--- THE INPUT ---

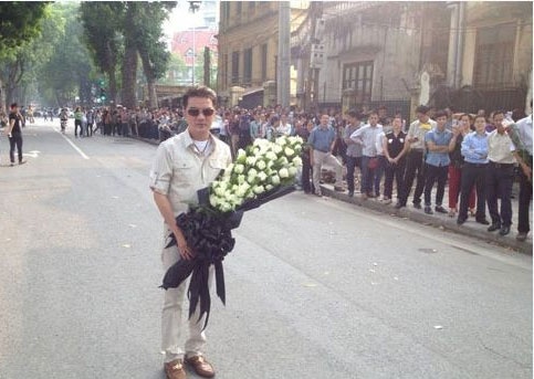 Ngay trong ngày 6/10 vừa qua ngày đầu tiên mở cửa để người dân vào viếng Đại tướng tại số nhà 30 phố Hoàng Diệu, hàng nghìn người đã đến thắp hương trước di ảnh của Người. Với tất cả lòng kính trọng một vị tướng lừng danh thế giới, hàng chục nghìn người không ai bảo ai, lặng lẽ xếp hàng tiến vào căn nhà cổ kính, nơi Đại tướng từng sống và làm việc… Không khí trang nghiêm, đau buồn ấy bỗng nhiên bị phá vỡ bởi một tốp người mặc quần áo sáng màu xuất hiện, vượt qua đoàn người, rảo bước tiến vào gian chính căn nhà Đại tướng từng sinh sống. Tốp người đó chính là Đàm Vĩnh Hưng và những người thân của anh.
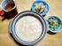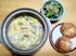 卵粥、酢の物、茹で小松菜
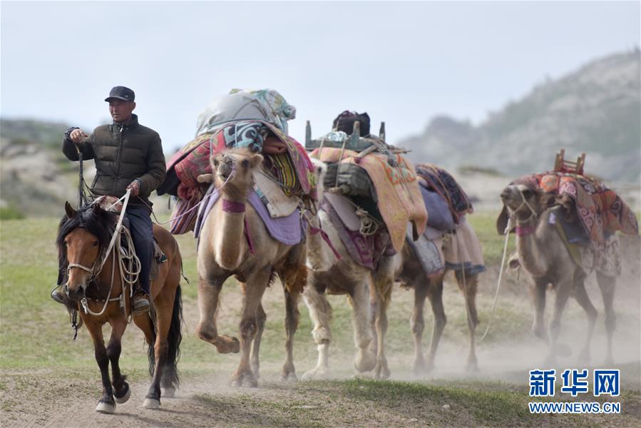 新疆阿勒泰地區(qū)福海縣牧民帶著駝隊(duì)行進(jìn)在轉(zhuǎn)場(chǎng)途中(6月6日攝)。新華社記者丁磊攝
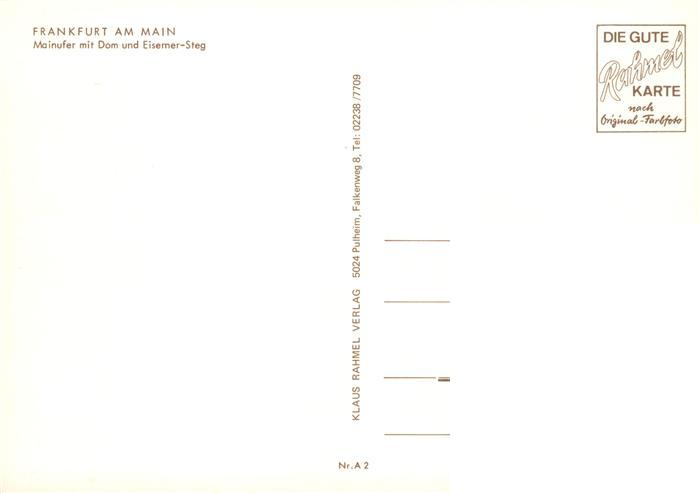 73888649 Frankfurt Main Mainufer mit Dom und Eiserner Steg postalisch nicht gelaufen Erhaltung siehe scans [WerneD78] KatCode: 11110006412000
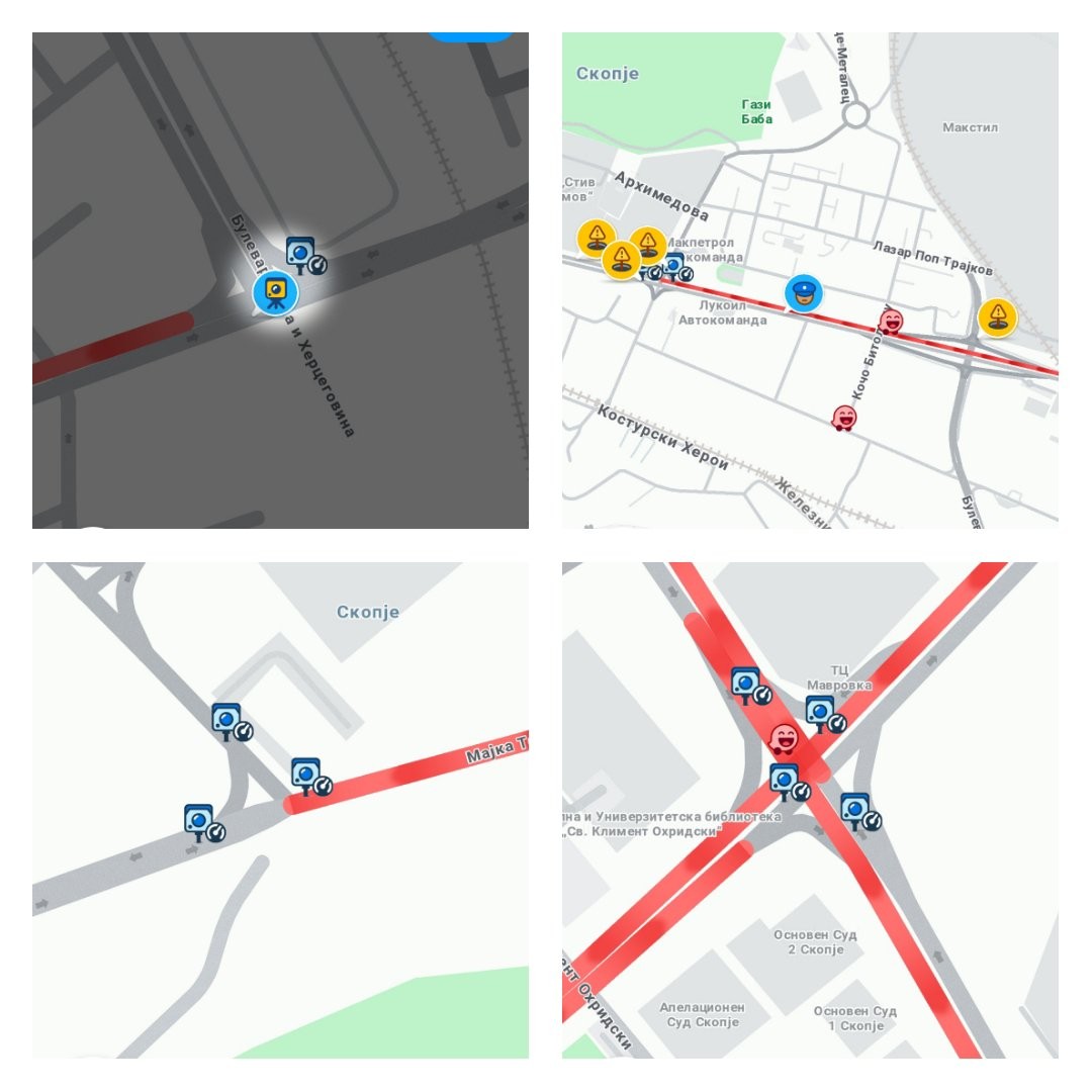 Една од тие апликации е „Waze“, на која ги има речиси сите поставени камери. Апликацијата нуди предупредување за сообраќаен метеж, работи на патот, камери или полиција на делницата по која што возите.
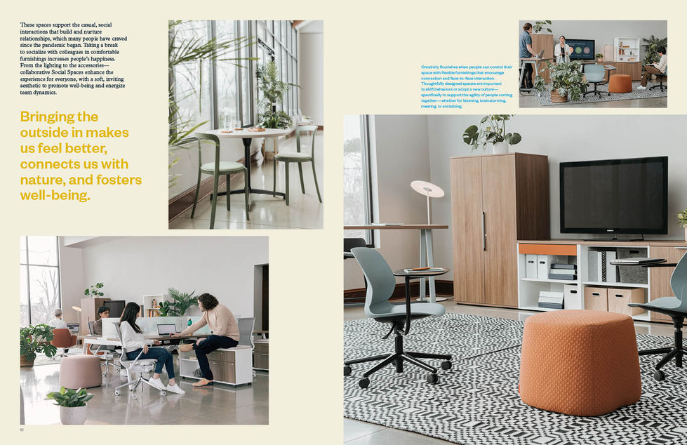 The Social Spaces Catalog embodies a refined visual language rooted in warmth, tactility, and fluidity—merging hospitality cues with workplace performance—while also reflecting diverse design points of view from celebrated designers around the world. The catalog presents environments composed through layered textures, soft tonal palettes, and curated contrast, where natural light, organic materials, and sculptural silhouettes guide rhythm and movement across the space. The typography is clean and contemporary, acting as a quiet, while photography emphasizes human scale, comfort, and atmosphere. The look and feel are elevated yet approachable, blending modern design icons with crafted finishes to create spaces that are intuitive, emotionally resonant, and rooted in storytelling—spaces that feel lived-in, expressive, and deeply human, shaped by the collective artistry of global design voices.
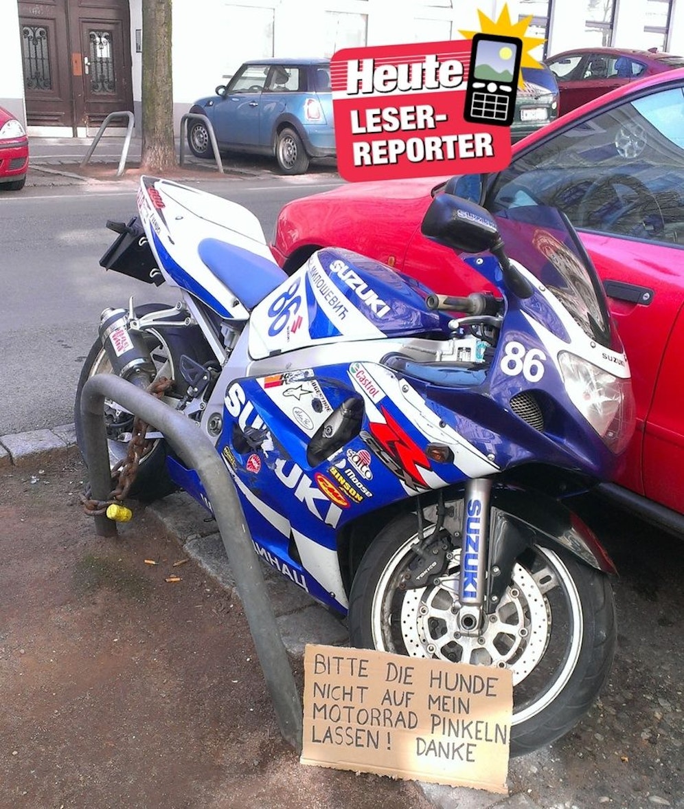 "Bitte die Hunde nicht auf mein Motorrad pinkeln lassen! Danke", steht auf einem Pappschild neben dem Feuerstuhl. Ob es geholfen hat oder nicht, ist nicht bekannt. Zumindest das Schild dürfte jedenfalls sauber geblieben sein.
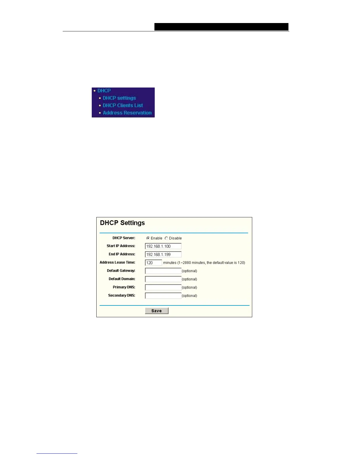 system on the LAN. The DHCP Server can be configured on the page (shown in figure

---

WHAT YOU ARE ASKED TO DO: Keep the pictures out of the copy and write out the data exactly as it stands.

EXERCISE OUTPUT:
 Ngay trong ngày 6/10 vừa qua ngày đầu tiên mở cửa để người dân vào viếng Đại tướng tại số nhà 30 phố Hoàng Diệu, hàng nghìn người đã đến thắp hương trước di ảnh của Người. Với tất cả lòng kính trọng một vị tướng lừng danh thế giới, hàng chục nghìn người không ai bảo ai, lặng lẽ xếp hàng tiến vào căn nhà cổ kính, nơi Đại tướng từng sống và làm việc… Không khí trang nghiêm, đau buồn ấy bỗng nhiên bị phá vỡ bởi một tốp người mặc quần áo sáng màu xuất hiện, vượt qua đoàn người, rảo bước tiến vào gian chính căn nhà Đại tướng từng sinh sống. Tốp người đó chính là Đàm Vĩnh Hưng và những người thân của anh.
 卵粥、酢の物、茹で小松菜
 新疆阿勒泰地區(qū)福海縣牧民帶著駝隊(duì)行進(jìn)在轉(zhuǎn)場(chǎng)途中(6月6日攝)。新華社記者丁磊攝
 73888649 Frankfurt Main Mainufer mit Dom und Eiserner Steg postalisch nicht gelaufen Erhaltung siehe scans [WerneD78] KatCode: 11110006412000
 Една од тие апликации е „Waze“, на која ги има речиси сите поставени камери. Апликацијата нуди предупредување за сообраќаен метеж, работи на патот, камери или полиција на делницата по која што возите.
 The Social Spaces Catalog embodies a refined visual language rooted in warmth, tactility, and fluidity—merging hospitality cues with workplace performance—while also reflecting diverse design points of view from celebrated designers around the world. The catalog presents environments composed through layered textures, soft tonal palettes, and curated contrast, where natural light, organic materials, and sculptural silhouettes guide rhythm and movement across the space. The typography is clean and contemporary, acting as a quiet, while photography emphasizes human scale, comfort, and atmosphere. The look and feel are elevated yet approachable, blending modern design icons with crafted finishes to create spaces that are intuitive, emotionally resonant, and rooted in storytelling—spaces that feel lived-in, expressive, and deeply human, shaped by the collective artistry of global design voices.
 "Bitte die Hunde nicht auf mein Motorrad pinkeln lassen! Danke", steht auf einem Pappschild neben dem Feuerstuhl. Ob es geholfen hat oder nicht, ist nicht bekannt. Zumindest das Schild dürfte jedenfalls sauber geblieben sein.
 system on the LAN. The DHCP Server can be configured on the page (shown in figure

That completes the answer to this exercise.